Nenhum dos desaparecimentos foi devidamente investigado pelo LAPD e, até agora, todos os jornalistas cidadãos e detetives da Internet que tentam descobrir o destino das bruxas chegaram a um beco sem saída.
Ex-seguidores acreditam que as mulheres tiraram a própria vida. Em vida, Castenada costumava falar sobre suicídio, enquadrando a morte como a porta de entrada para um plano superior de existência. Quando sua saúde começou a piorar, as bruxas adquiriram armas. Taisha Abelar, uma das bruxas que desapareceram ao lado de Donner, começou a beber, mas disse aos que a rodeavam que não corria “nenhum perigo de se tornar alcoólatra” porque, Salão cita: “Estou indo embora”. Também por Salão, Castenada disse a Partin para pegar seu Ford Escort “e dirigir o mais rápido que puder para o deserto” se “você precisar subir ao infinito”. Suspeito, mas em última análise inconclusivo.
Aqueles que sobreviveram a Castenada estão convencidos de que ele acreditava genuinamente em tudo o que pregava. Como disse um ex-seguidor Salão“ele ficou cada vez mais hipnotizado por seus próprios devaneios”.

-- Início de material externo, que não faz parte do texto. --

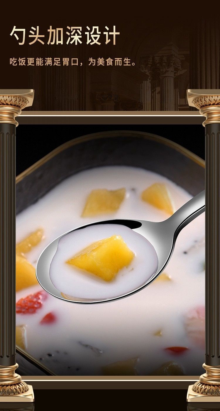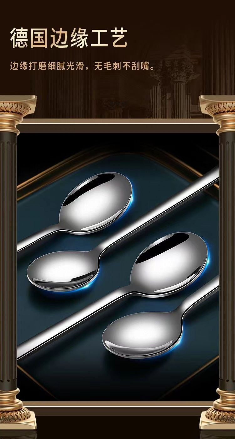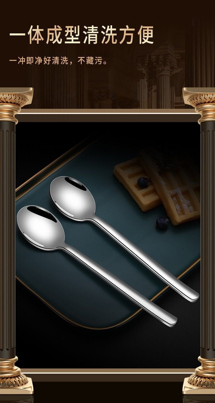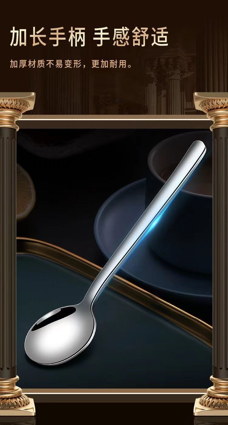 304不锈钢勺子家用高档精致调羹吃饭西餐高颜值长柄加深汤勺手柄
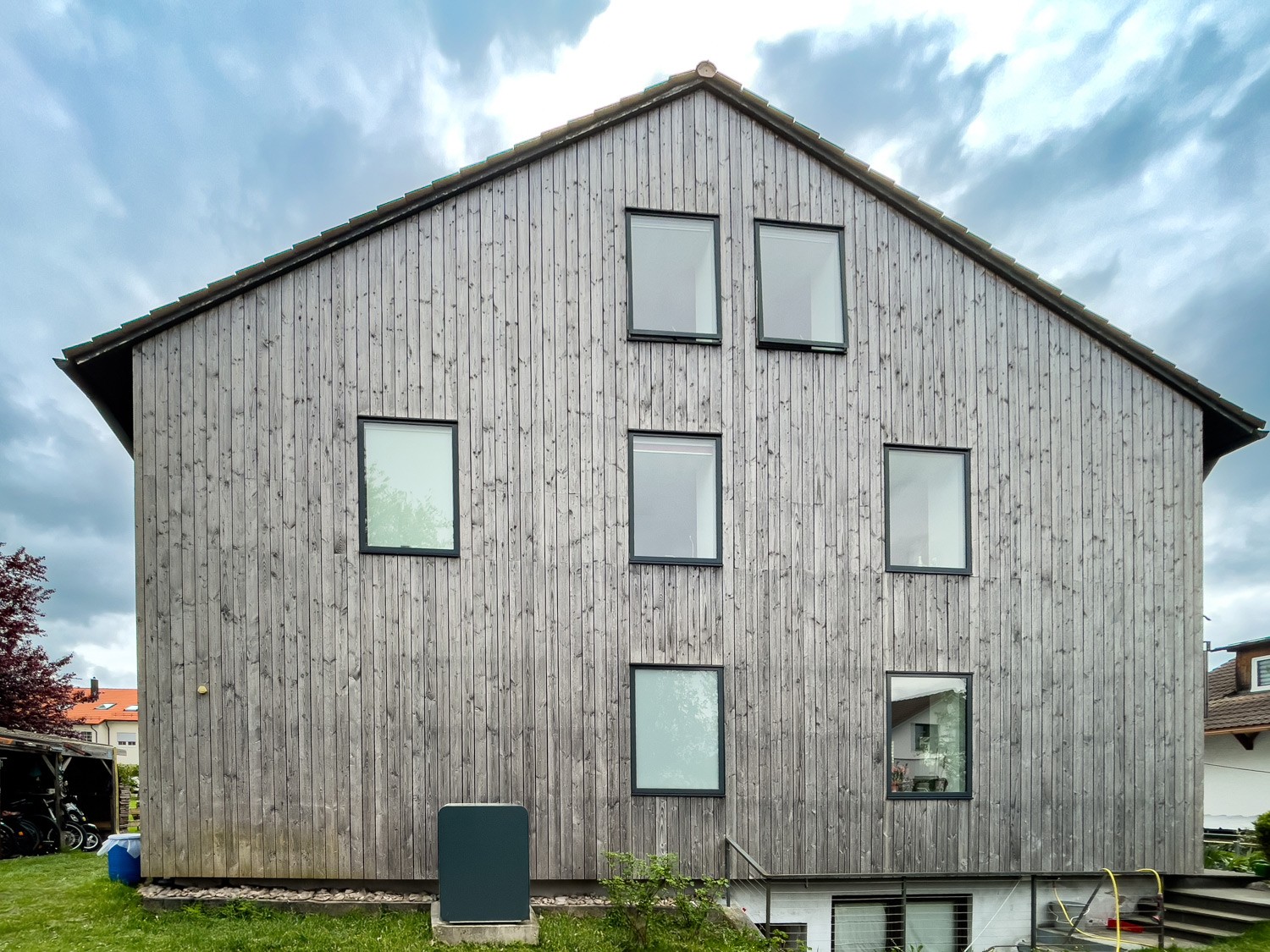 Die Doppelhaushälfte aus den Ende 70er Jahre wurde von den Eigentümern bereits vor ca. 20 Jahren komplett umgebaut und ein KfW 50 Standard erreicht. Es entstanden daraus zwei separate Wohneinheiten für eine Mehrgenerationennutzung. Das Haus wurde im Zuge dessen u.a. mit einer zeitgemäßen Dämmung, energieeffizienten Fenstern und einer Holzfassade versehen. Da zu diesem Zeitpunkt eine noch recht frische Gastherme verbaut war, wurde heizungstechnisch noch nicht Hand angelegt. 2025 war es an der Zeit, die Heizung zu sanieren. Für die Eigentümer war klar, dass nur ein regeneratives Heizungssystem in Frage kommt. Außerdem sollte eine PV-Anlage integriert werden, um die Wärmepumpe bei Bedarf mit selbsterzeugtem Strom zu nutzen oder überschüssigen Strom für den Haushaltbedarf zu verwenden oder in einer Batterie für die spätere Nutzung zu speichern.
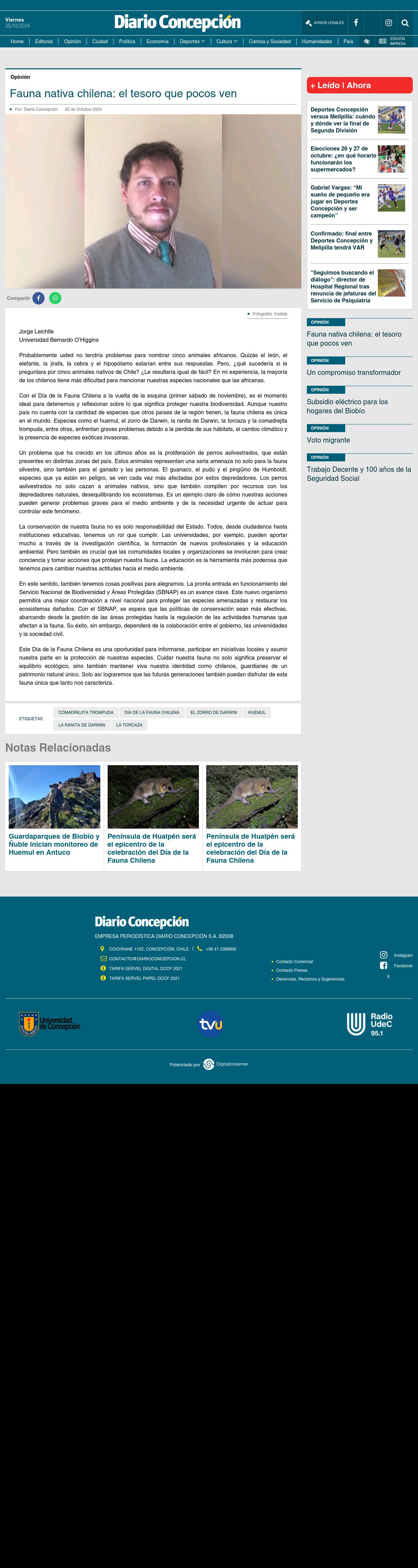 Fauna nativa chilena: el tesoro que pocos ven 25-10-2024 Diario Concepcion Jorge Leichtle Universidad Bernardo OHiggins Probablemente usted no tendría problemas para nombrar cinco animales africanos. Quizás el león, el elefante, la jirafa, la cebra y el hipopótamo es... |
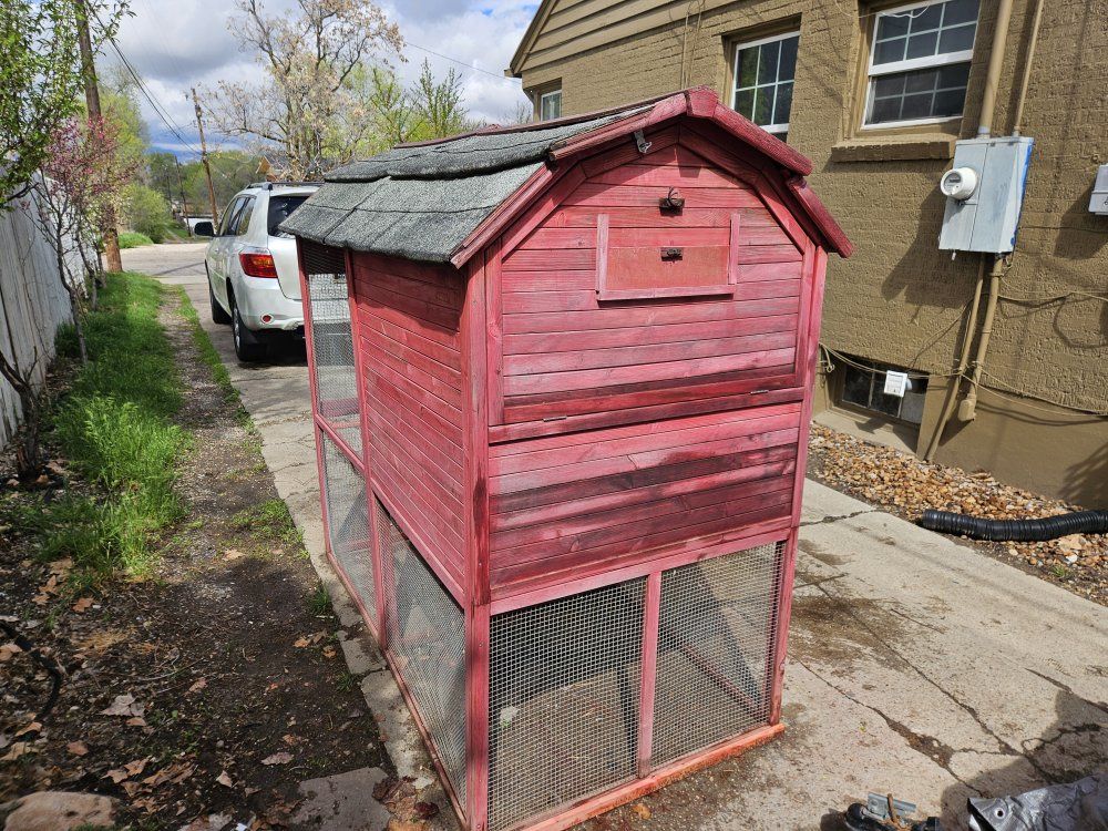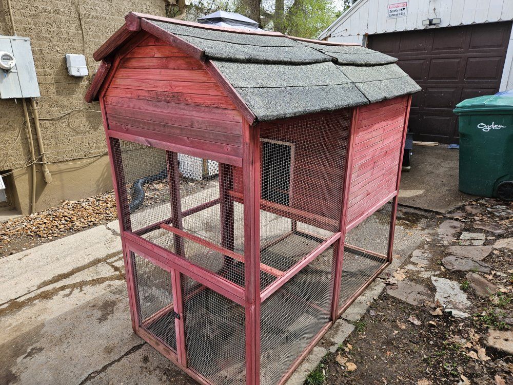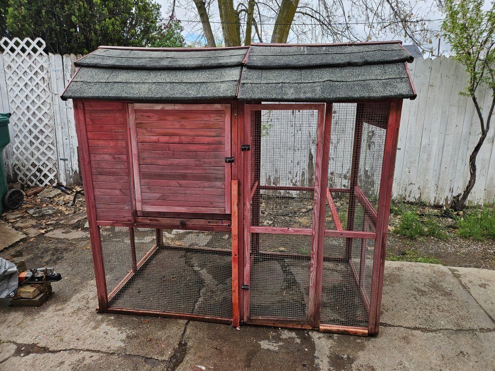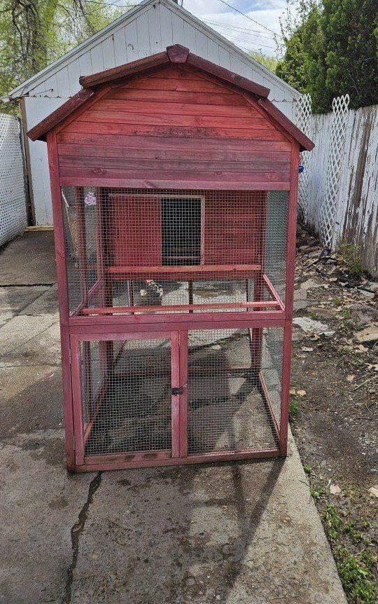 71" tall x 40" wide x 74" long Comes with chicken feeder

Parece que as bruxas também. Em Shabono, Donner desfila ficção como fato. Embora ela possa ter originalmente tentado desfilar ficção como fato para obter fama e fortuna, os leitores têm a impressão mais forte de que, quanto mais a jovem antropóloga se aventurava em seu próprio mundo de fantasia de vida, morte, drogas e misticismo, mais difícil se tornava. para ela separar o real do imaginado.
De qualquer forma, é um livro muito, muito bem escrito.